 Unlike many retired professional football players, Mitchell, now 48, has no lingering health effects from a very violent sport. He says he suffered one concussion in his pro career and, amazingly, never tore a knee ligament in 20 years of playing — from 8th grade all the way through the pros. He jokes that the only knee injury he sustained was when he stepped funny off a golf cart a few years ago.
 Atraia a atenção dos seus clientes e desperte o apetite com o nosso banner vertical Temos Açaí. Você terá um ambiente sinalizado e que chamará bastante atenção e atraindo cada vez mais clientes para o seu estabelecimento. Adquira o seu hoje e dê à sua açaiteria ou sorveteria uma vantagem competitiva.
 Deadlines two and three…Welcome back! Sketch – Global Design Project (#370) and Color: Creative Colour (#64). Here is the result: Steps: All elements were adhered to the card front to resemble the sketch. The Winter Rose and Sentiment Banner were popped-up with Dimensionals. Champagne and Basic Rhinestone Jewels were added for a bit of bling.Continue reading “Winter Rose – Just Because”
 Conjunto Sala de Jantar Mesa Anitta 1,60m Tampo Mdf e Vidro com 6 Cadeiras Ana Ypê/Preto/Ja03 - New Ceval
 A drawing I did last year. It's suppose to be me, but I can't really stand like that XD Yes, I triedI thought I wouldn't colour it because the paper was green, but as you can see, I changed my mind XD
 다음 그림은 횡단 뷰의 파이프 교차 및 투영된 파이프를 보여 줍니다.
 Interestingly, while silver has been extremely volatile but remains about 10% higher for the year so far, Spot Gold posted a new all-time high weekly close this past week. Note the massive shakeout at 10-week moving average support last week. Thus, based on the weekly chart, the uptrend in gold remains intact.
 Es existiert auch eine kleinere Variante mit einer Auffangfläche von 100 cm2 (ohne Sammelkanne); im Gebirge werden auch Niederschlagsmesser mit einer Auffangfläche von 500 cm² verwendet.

...

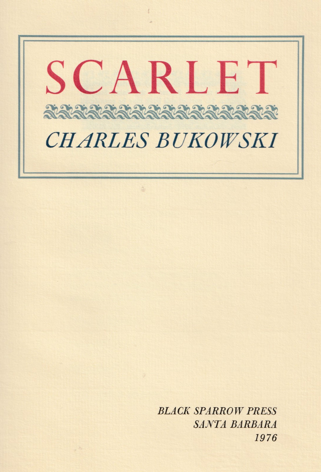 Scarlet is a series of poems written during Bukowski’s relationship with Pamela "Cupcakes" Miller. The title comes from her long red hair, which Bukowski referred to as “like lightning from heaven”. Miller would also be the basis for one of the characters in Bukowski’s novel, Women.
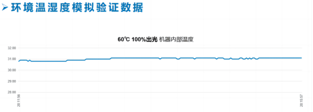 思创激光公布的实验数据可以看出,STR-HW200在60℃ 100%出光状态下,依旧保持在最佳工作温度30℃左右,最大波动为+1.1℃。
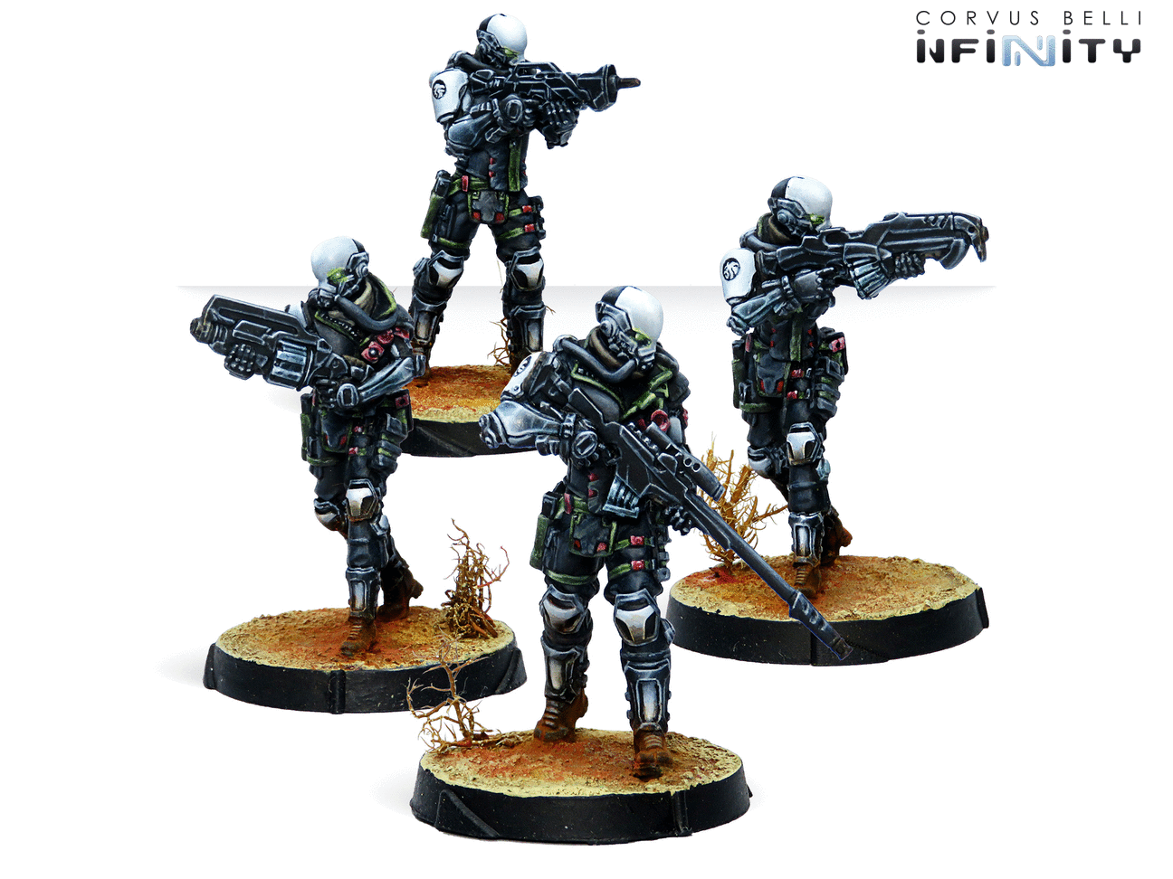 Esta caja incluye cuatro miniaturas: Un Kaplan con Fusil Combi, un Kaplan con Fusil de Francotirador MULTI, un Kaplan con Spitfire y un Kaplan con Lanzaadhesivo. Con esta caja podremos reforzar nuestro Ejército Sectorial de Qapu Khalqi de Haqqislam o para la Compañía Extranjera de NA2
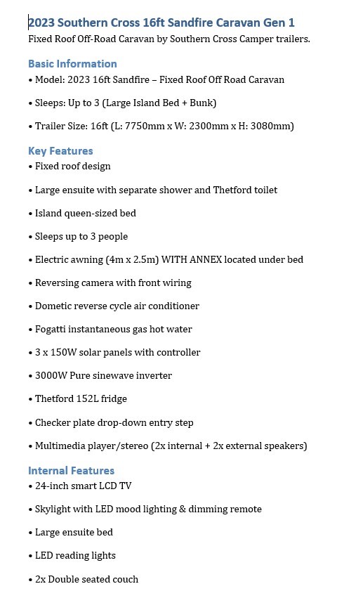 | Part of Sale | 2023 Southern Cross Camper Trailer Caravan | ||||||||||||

> **Task objective**:
Beginning with the line that has "Unlike many retired" and ending with the line that has "다음 그림은 횡단 뷰의 파이프 교차 및 투영된 파이프를 보여 줍니다.", set down the lines above exactly and include no others.

> **Problem solution**:
 Unlike many retired professional football players, Mitchell, now 48, has no lingering health effects from a very violent sport. He says he suffered one concussion in his pro career and, amazingly, never tore a knee ligament in 20 years of playing — from 8th grade all the way through the pros. He jokes that the only knee injury he sustained was when he stepped funny off a golf cart a few years ago.
 Atraia a atenção dos seus clientes e desperte o apetite com o nosso banner vertical Temos Açaí. Você terá um ambiente sinalizado e que chamará bastante atenção e atraindo cada vez mais clientes para o seu estabelecimento. Adquira o seu hoje e dê à sua açaiteria ou sorveteria uma vantagem competitiva.
 Deadlines two and three…Welcome back! Sketch – Global Design Project (#370) and Color: Creative Colour (#64). Here is the result: Steps: All elements were adhered to the card front to resemble the sketch. The Winter Rose and Sentiment Banner were popped-up with Dimensionals. Champagne and Basic Rhinestone Jewels were added for a bit of bling.Continue reading “Winter Rose – Just Because”
 Conjunto Sala de Jantar Mesa Anitta 1,60m Tampo Mdf e Vidro com 6 Cadeiras Ana Ypê/Preto/Ja03 - New Ceval
 A drawing I did last year. It's suppose to be me, but I can't really stand like that XD Yes, I triedI thought I wouldn't colour it because the paper was green, but as you can see, I changed my mind XD
 다음 그림은 횡단 뷰의 파이프 교차 및 투영된 파이프를 보여 줍니다.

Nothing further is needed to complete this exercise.